基于 Python 的 Perplexity 模型上下文协议 (MCP) 服务器实现。

Model Context Protocol (MCP) - This server can be integrated with AI applications to provide additional context and capabilities, enabling enhanced AI interactions and functionality.

Documentation

Perplexity MCP Server

This is a Python implementation of the Model Context Protocol (MCP) server for Perplexity. The server is built using FastAPI and follows the MCP specification.

Features

  • Implements the core MCP endpoints:
    • /v1/models - List available models registered in the local MCP server
    • /v1/models/{model_id} - Get model information for a locally registered model
    • /v1/models/{model_id}/chat - Chat with a model - this endpoint actually calls the Perplexity API
    • /v1/models/{model_id}/complete - Text completion (demo implementation)
  • Additional utility endpoints:
    • /perplexity-models - Lists the known models available in the Perplexity API
    • /api-key-test - Test if your Perplexity API key is properly configured
    • /server-info - Get information about the server
    • /health - Health check endpoint
  • Ready for deployment

Running the Server

Locally

  1. Create a .env file in the project root with your Perplexity API key:
    PERPLEXITY_API_KEY=your_actual_key_here
    
  2. Install dependencies:
    pip install -r requirements.txt
    
  3. Start the server:
    python main.py
    

The server will start on http://0.0.0.0:5000 (or the next available port).

Docker Deployment

  1. Build the Docker image:
    docker build -t perplexity-mcp .
    
  2. Run the container, passing your .env file:
    docker run --env-file .env -p 5003:5000 perplexity-mcp
    
    • The API will be available at http://localhost:5003
    • You can use any available port on your host (replace 5003 as needed)

Note:

  • .env is included in .gitignore and .dockerignore to keep your API key secure.
  • Never commit your .env file to GitHub.

Render Deployment

Render can automatically build and deploy this project from GitHub using the included Dockerfile.

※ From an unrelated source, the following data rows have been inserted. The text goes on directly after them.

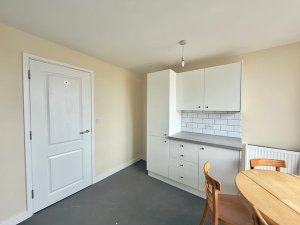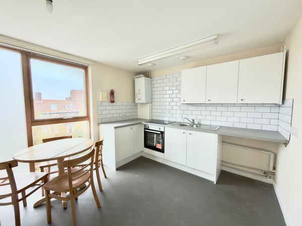 Fitted with a range of wall mounted and base storage units, electric hob and oven, space and plumbing for washing machine. Full wall height window to front and area for dining.
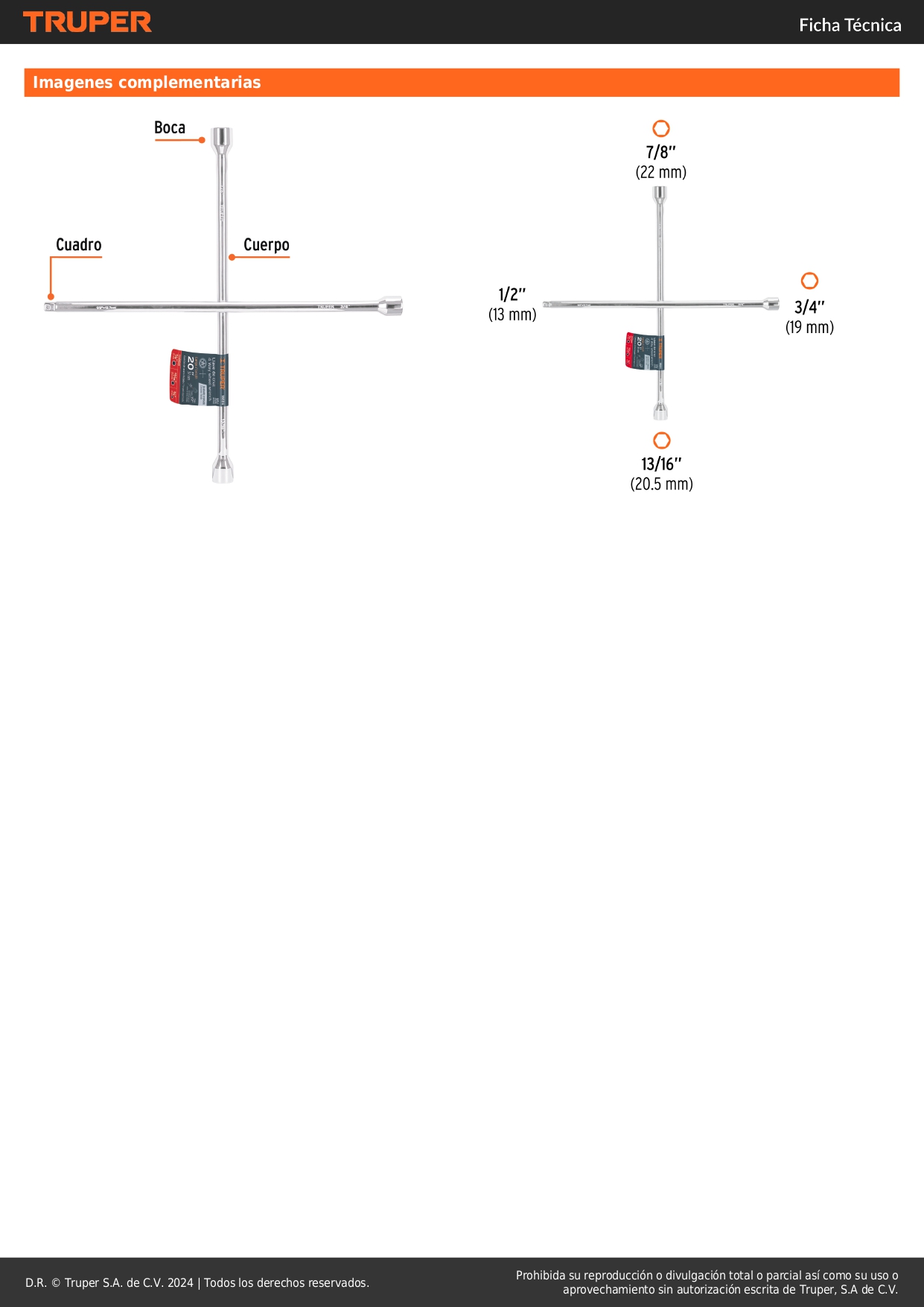 -Tamaño de bocas 3/4", 13/16", 7/8" y cuadro de 1/2"
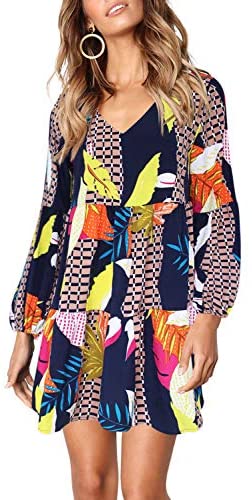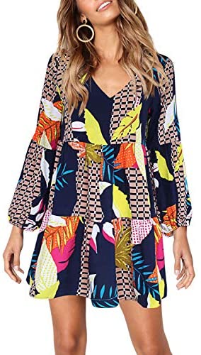 This mini tunic costume with comfortable material, mild weight and breathable, make you benefit from the breezy fashion.Horny deep v neckline, lantern sleeve, ruffle match and flare fashion, strong coloration, flowy and swing tunic size, unfastened match, shift backside, might be excellent in your wardrobe as a cushty every-day costume.This informal v neck costume might be simply costume up and costume down. Good for you attending an marriage ceremony, occasion, membership, procuring ,courting, or put on it to work, workplace, enterprise, even journey, trip, seaside, faculty and leisure locations. Lengthy sleeve tunic costume with comfortable mild materials, you’ll be able to put on it in summer season warmth, or pair it with leggings, tights, boots for a spring, autumn stylish look, even layer with jacket, lengthy cardigan and sweaters, tremendous comfy but in addition avenue fashion.
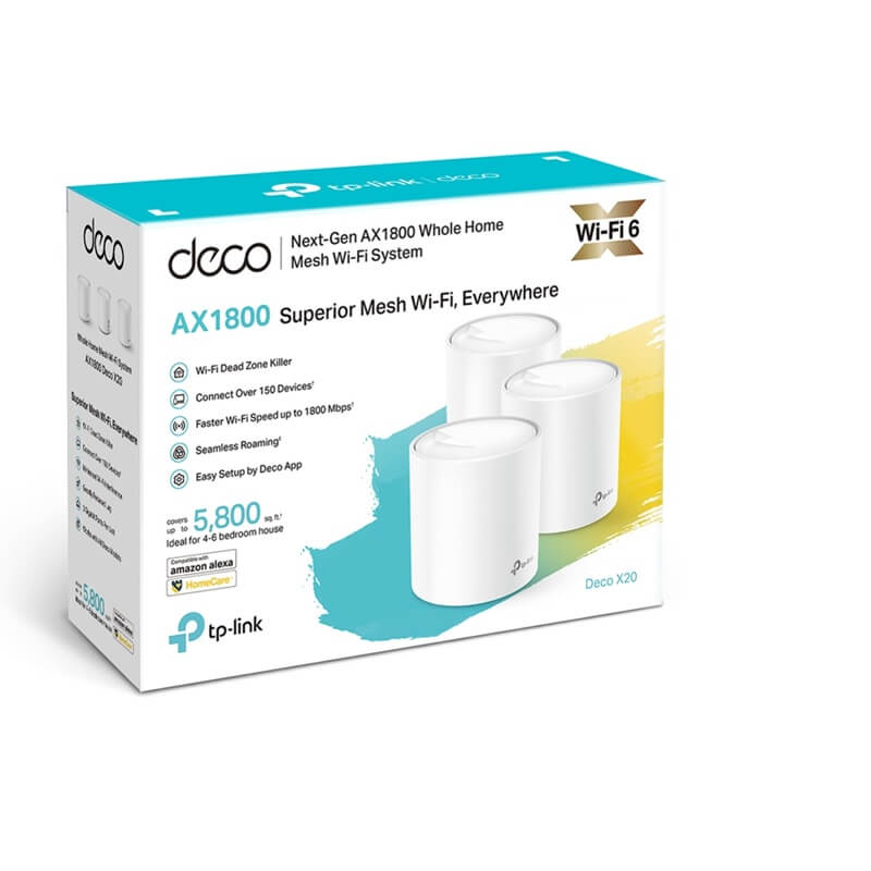 - TPLink Deco X20 AX1800 WiFi 6 Mesh System, 3Pack

  1. Push your code to GitHub.
  2. In the Render dashboard, create a new Web Service:
    • Select "Docker" as the environment.
    • Connect your GitHub repo and select the branch (e.g., main).
    • Set your environment variable PERPLEXITY_API_KEY in the Render dashboard (Settings > Environment).
    • Choose your desired port (default is 5000).
  3. Deploy! Render will build and run your Docker container.

Security: Do not rely on .env in the repo for Render. Always set secrets in the Render dashboard.

API Documentation

Once the server is running, you can access the API documentation at /docs (e.g., http://0.0.0.0:5000/docs).

Model Registry

The server includes a simple in-memory model registry. In a production environment, you'd want to replace this with a more sophisticated registry system.

Adding Your Own Models

To add your own models, update the MODEL_REGISTRY dictionary in main.py with your model configurations.

Supported Models

The server supports the following Perplexity models:

  • sonar - Perplexity's flagship model with strong reasoning
  • sonar-small - Smaller, faster version of Sonar
  • sonar-medium - Medium-sized version of Sonar
  • sonar-pro - Pro version of Sonar with enhanced capabilities
  • sonar-deep-research - Specialized for in-depth research tasks
  • sonar-reasoning-pro - Advanced reasoning capabilities with enhanced logic
  • codellama-70b - Specialized for code generation
  • mixtral-8x7b - From Mistral AI, good for general tasks
  • mistral-7b - Fast and efficient model from Mistral AI

To use a specific model, simply call /v1/models/{model_id}/chat with the model ID.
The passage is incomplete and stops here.